Recado
“Quem não lê, mal fala, mal ouve, mal vê.”
Monteiro Lobato
Pausas e manhas (2)
A história é velha. Tão velha quanto o rascunho da Bíblia. José Cândido de Carvalho conta o episódio. Freixeiras, funcionário da Companhia de Água e Esgotos do Rio de Janeiro, tinha um grande orgulho. Era a única pessoa na repartição que sabia pôr as vírgulas no lugar certo. Todos o reverenciavam por isso. Ninguém ousava contrariá-lo.
Mas, como diz o povo sabido, não há bem sempre dure nem mal que nunca se acabe. A fila anda. Um dia chegou o novo chefe. Ao assinar a correspondência, pediu a Freixeiras que tirasse certa vírgula de certo lugar. Freixeiras tremeu. Que ousadia! Ficou duas horas remoendo tira-a-vírgula-não tira-a-vírgula. Finalmente, decidiu-se. Foi à sala do diretor e disse:
– Ou eu ou a vírgula.
A demissão do virgulino obrigou os demais servidores a deixar o comodismo. Para garantir o emprego, decidiram estudar. Consulta daqui, pesquisa dali, descobriram o óbvio: o diabo não é tão feio quanto o pintam. O emprego da tão temida pausa obedece a três regras -- separar termos coordenados, termos explicativos e termos deslocados. A coluna colabora no desvendar os mistérios. A passada tratou dos termos coordenados. Esta continua o assunto.
Vírgula (2)
Há termos coordenados que suscitam perguntas mais frequentes que outros. Um deles é o etc. As três letrinhas dão nó nos miolos. Muitos arrancam os cabelos só de pensar no enfrentamento. Melhor respirar, parar e acreditar que, no fundo, se trata de cortina de fumaça. Basta conheceras as manhas do trio. Aí, a resposta vem fácil como andar pra frente.
Etc.
Sabia? Etc. é recurso de preguiçoso. A gente pode muito bem viver sem ele. O segredo está na conjunção e. Compare:
Gosto de cinema, teatro e literatura. (O e dá o recado: é só disso que gosto.)

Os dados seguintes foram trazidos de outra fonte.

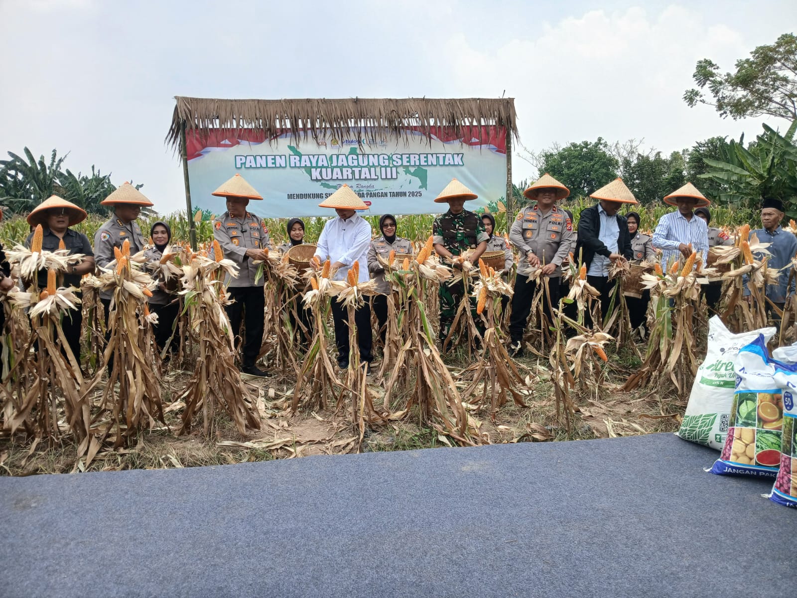 Panen raya jagung kurtal III di Desa Ranjeng Kecmata Ciruas Kabupaten Serang ini dihadiri langsung Kapolda Banten Irjen Pol Hengki dan Wakil Gubernur Banten, Dimyati Natakusumah.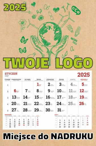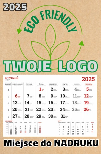 Główka / plecki tego modelu kalendarza drukowane są w pełnym kolorze ale bez użycia koloru białego, co pozwala na dowolne opracowanie graficzne, umieszczenie znaków firmowych, zdjęć, tekstów w dowolnych kolorach. Podłoże użyte do zadruku to papier KRAFTLINER o gramaturze 300g, gwarantujący bardzo dobrą jakość kolorów. Papier ten charakteryzuje się wyjątkową powierzchnią. Jedna strona papieru jest gładka i brązowa, co nadaje elegancji i umożliwia doskonały druk grafiki, podczas gdy druga strona jest szara i chropowata. Te cechy czynią Krafliner 300 g doskonałym wyborem do tworzenia trwałych, stylowych i funkcjonalnych kalendarzy, które wyróżniają się pod względem zarówno wizualnym, jak i praktycznym. W górnej części główki znajduje się otwór umożliwiający zawieszenie kalendarza. Górna krawędź kalendarza dodatkowo jest zaginana i klejona, co wzmacnia jego sztywność. Pośrodku kalendarza, powyżej kalendarium przebiega linia bigowania, dzięki czemu łatwo złożyć go na pół. Główka kalendarza jest jednocześnie jego pleckami - do główki w jej dolnej części przyklejone jest kalendarium.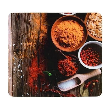 La Protection murale en verre Epices protège joliment votre mur des éclaboussures et projections de cuisine. Elle peut être utilisée comme protège plaque de cuisinière, écran mural, vaste planche à découper ou plan de travail mobile.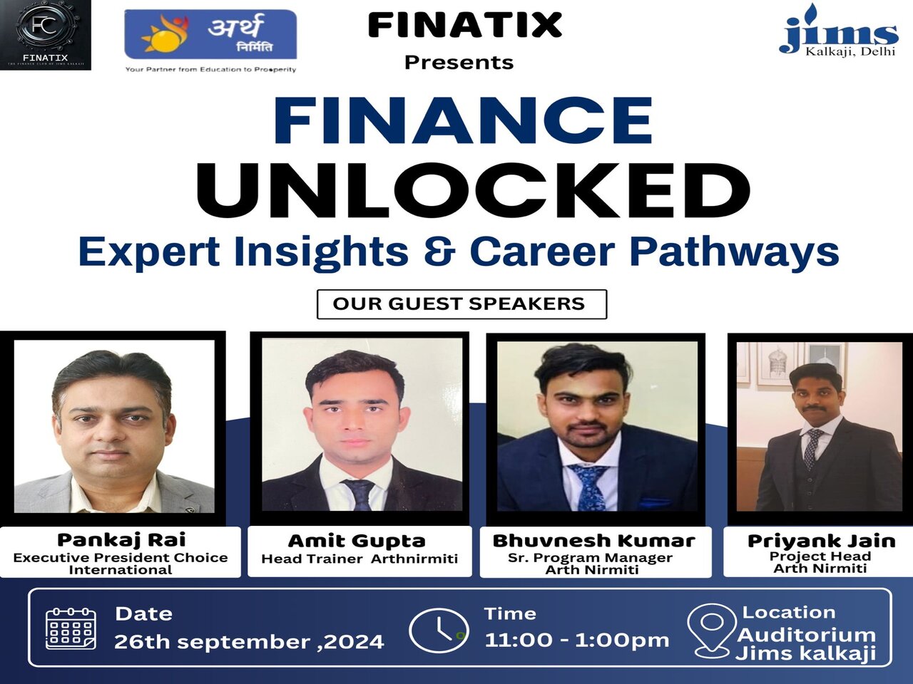 On the 26th of September 2024, Jims Kalkaji organized a guest lecture of four speakers at the Jims auditorium from 11:00 to 2:00 PM to enrich the knowledge of B.Com and BBA students on crucial financial and entrepreneurial topics. The event was designed to provide practical insights and foster creative thinking in areas pivotal for their academic and professional growth. The details of the speakers are as follows: 1. Pankaj Rai, Executive President, Choice International 2. Amit Gupta, Head Trainer, Arth Nirmiti 3. Bhuvnesh Kumar, Sr. Program. Manager, Arth Nirmiti 4. Priyank Jain, Project Head, Arth Nirmiti.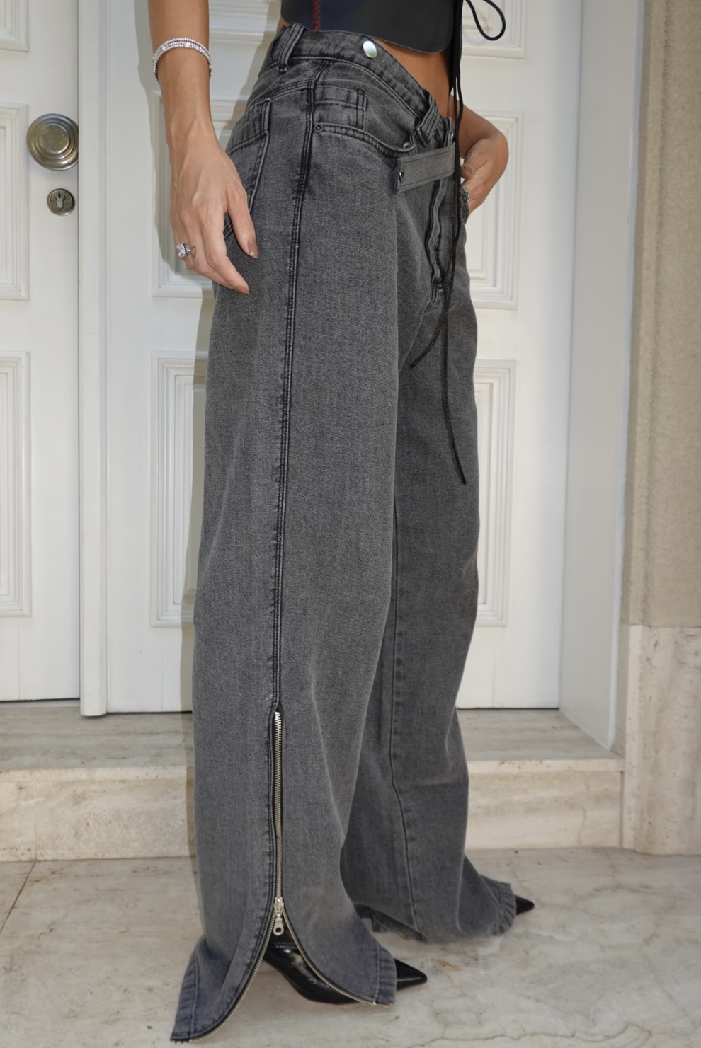 Calça jeans em denim premium em lavagem grafite, moderna e sofisticada! A peça traz recortes estruturais. Cós transpassado, fechamento frontal e modelagem reta ampla! O destaque fica por conta das aberturas laterais com zíper metálico, que percorrem a barra e permitem diferentes formas de uso.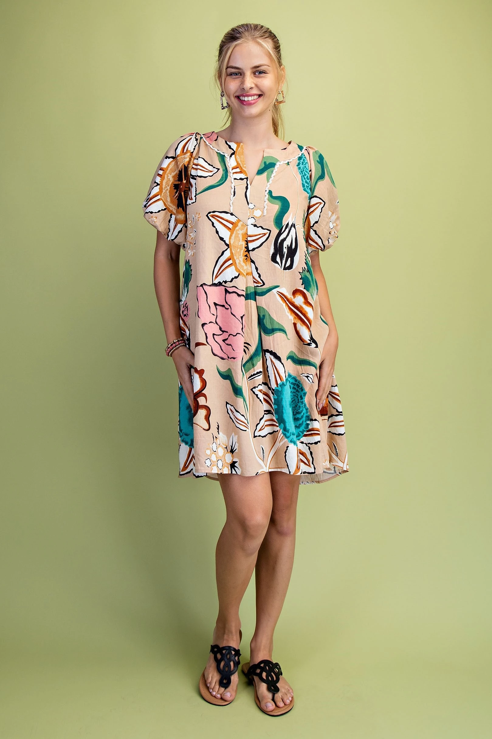 Linen V-Neck Mini Dress with Contrasting and Embroidered Appliqué Design Details. The Dress is Lined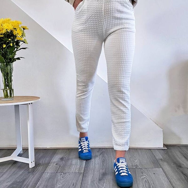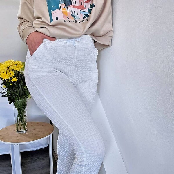 Odkryj wygodę i styl z naszymi spodniami dresowymi, które idealnie sprawdzą się zarówno w codziennych stylizacjach, jak i podczas aktywności sportowych. Wykonane z wysokiej jakości materiału z subtelną wytłoczoną kratką, te spodnie łączą funkcjonalność z modnym designem.

Gosto de cinema, teatro, literatura. (A ausência do e indica que gosto de muitas outras coisas.)
Acertar ou acertar
Você faz questão do etc.? OK. Mas, volta e meia, pinta a dúvida. Ele deve ser antecedido de vírgula? A questão procede. Afinal, as três letrinhas são a abreviatura de (e) (t)antas (c)oisas. Portanto, há um ezinho aí presente.

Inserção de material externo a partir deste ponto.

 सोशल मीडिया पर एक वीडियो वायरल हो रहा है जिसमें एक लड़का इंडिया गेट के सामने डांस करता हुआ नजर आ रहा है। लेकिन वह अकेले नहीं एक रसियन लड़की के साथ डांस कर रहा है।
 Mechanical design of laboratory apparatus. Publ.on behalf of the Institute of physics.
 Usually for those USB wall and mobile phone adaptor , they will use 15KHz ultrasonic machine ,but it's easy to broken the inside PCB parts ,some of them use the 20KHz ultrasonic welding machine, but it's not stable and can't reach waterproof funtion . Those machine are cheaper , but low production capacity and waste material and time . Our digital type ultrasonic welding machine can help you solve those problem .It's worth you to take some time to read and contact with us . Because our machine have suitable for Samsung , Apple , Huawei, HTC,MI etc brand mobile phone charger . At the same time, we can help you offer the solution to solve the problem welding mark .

Mas muitos esqueceram a etimologia da palavra. Afirmam que a criatura é tão antiga que as pessoas de memória curta lhe esqueceram a origem. Tratam-na, então, como se fosse um vocábulo qualquer. E daí? Com vírgula ou sem vírgula? Tanto faz. Você decide. É acertar, ou acertar.
Gosto de cinema, teatro, literatura (e) etc.
Um só
Etc. Tem ponto no final? Tem. Coincide com o ponto no fim da frase? Sem problema. Fique com um só: Comprei laranja, maçã, pêssego, abacaxi etc. (A vírgula é facultativa. Prefiro dispensá-la.)
Leitor pergunta
Um deputado apresentou várias emendas. Ao dar satisfação ao eleitor, disse que se tratava de emendas parlamentar. Usou o adjetivo no singular porque a autoria é de uma só pessoa. Ele está certo?
Bia Cortez, Brasília
Não. O adjetivo deve concordar com o substantivo: emenda parlamentar, emendas parlamentares.
Para frisar que todas as emendas foram apresentadas por ele, Sua Excelência precisa lançar mão de outra forma de dizer. Valem dois exemplos: emendas de minha autoria, emendas por mim apresentadas.